The RapidMiner community is on read-only mode until further notice. Technical support via cases will continue to work as is. For any urgent licensing related requests from Students/Faculty members, please use the Altair academic forum here.

# What is the relation between cluster size and centroid table? Which model makes more sense? Why?

Member Posts: 8 Contributor I
Hello folks,

I am working on comparing two results and I have them as below:

My question is : What is the relation between cluster size and centroid table? Which model makes more sense? Why?
(Case1):

(Case 2):

Tagged:

• RapidMiner Certified Analyst, Member Posts: 1,195 Unicorn
edited October 2019
Hi @NatalySimth,

Without any additionnal informations, to have a general idea, you can calculate the Average within centroid distance which measure the "compacity" of the clusters.(to compare the 2 models).
For that, you have to put a Performance (Cluster Distance Performance) operator at the end of your process.

Edit :
I wanted to correct /complete the explanation above :
Assuming that you are using K-means algorithm, a method to find the best k (number of cluster(s)), and thus the best model, is to plot the "Average within centroid distance" according to "k". You will obtain a curve like that (or in the opposite direction since the Average within centroid distance are negative in RapidMiner):

The best k and thus the more relevant model matches with the inflexion point of the curve.

Hope this helps,

Regards,

Lionel
• Member Posts: 8 Contributor I
Hey lionelderkrikor thanls for your explanation. if you allow me what do you mean with the "compacity" of the clusters?

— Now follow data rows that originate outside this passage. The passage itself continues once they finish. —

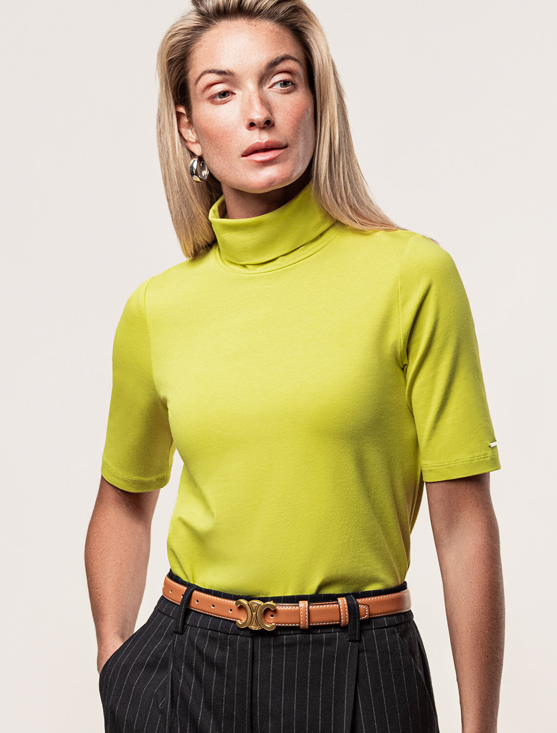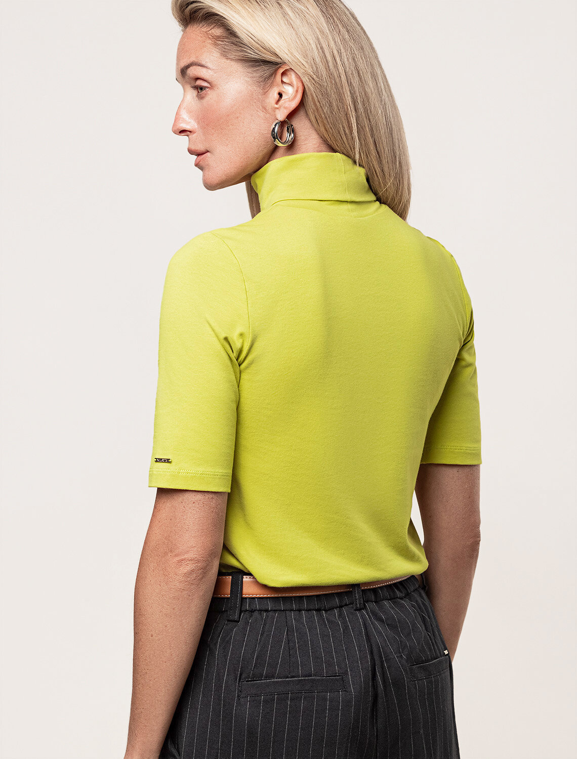 Лаймовая водолазка с коротким рукавом выполнена из премиального хлопка с добавлением эластичных волокон. Гладкий трикотаж обеспечит гарантированный комфорт и удобство в использовании. На рукаве изделия металлическая нашивка с логотипом бренда. Совет стилиста: водолазку с коротким удобно сочетать с жакетом или блузкой. Также как самостоятельный верх к широким брюкам.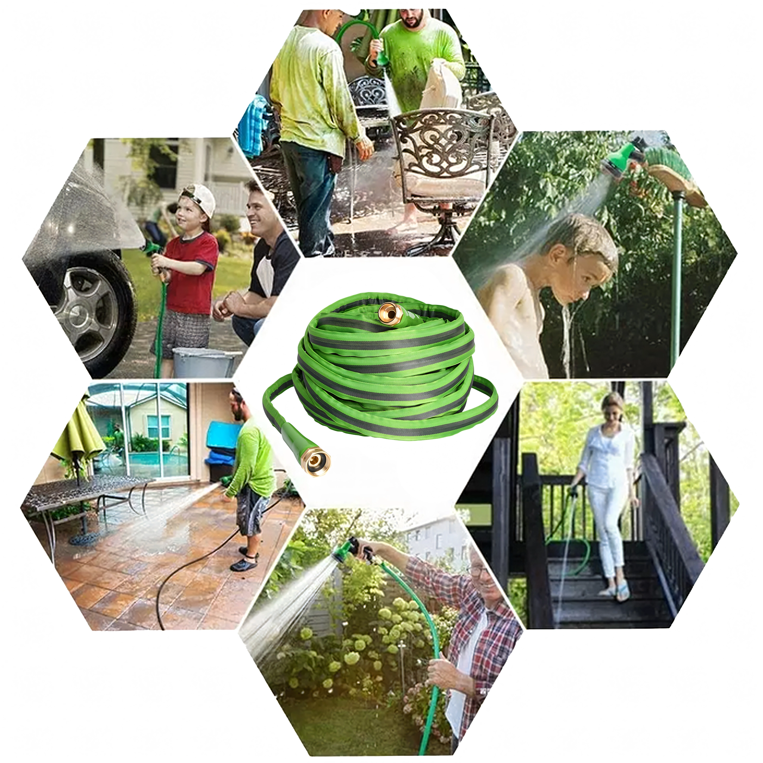 Datorită mantalei întărite și rezistenței la răsucire și încurcare, furtunul este ușor de folosit și de depozitat. Este compatibil cu aspersoare obișnuite, pistoale de stropit și robinete de grădină cu racord de 1/2".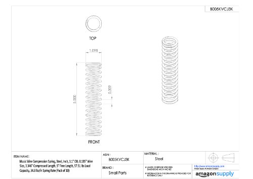 Music Wire Compression Spring, Steel, Inch, 1.1" OD, 0.135" Wire Size, 1.07" Compressed Length, 1.5" Free Length, 57.51 lbs Load Capacity, 133.7 lbs/in Spring Rate (Pack of 10)

how can I create performance and Elbow? still new to all of these methods.
• Member Posts: 8 Contributor I
@lionelderkrikor Thanks a million! So useful information.
• RapidMiner Certified Analyst, Member Posts: 1,195 Unicorn
@NatalySimth,

You're welcome !

Regards,

Lionel
• Member Posts: 93 Maven
Hi @lionelderkrikor

thank you for your inspiring answer from above! In this sense, it should be also possible to generate the Ellbow by using the Davies-Bouldin index in order to compare the main criterion, right?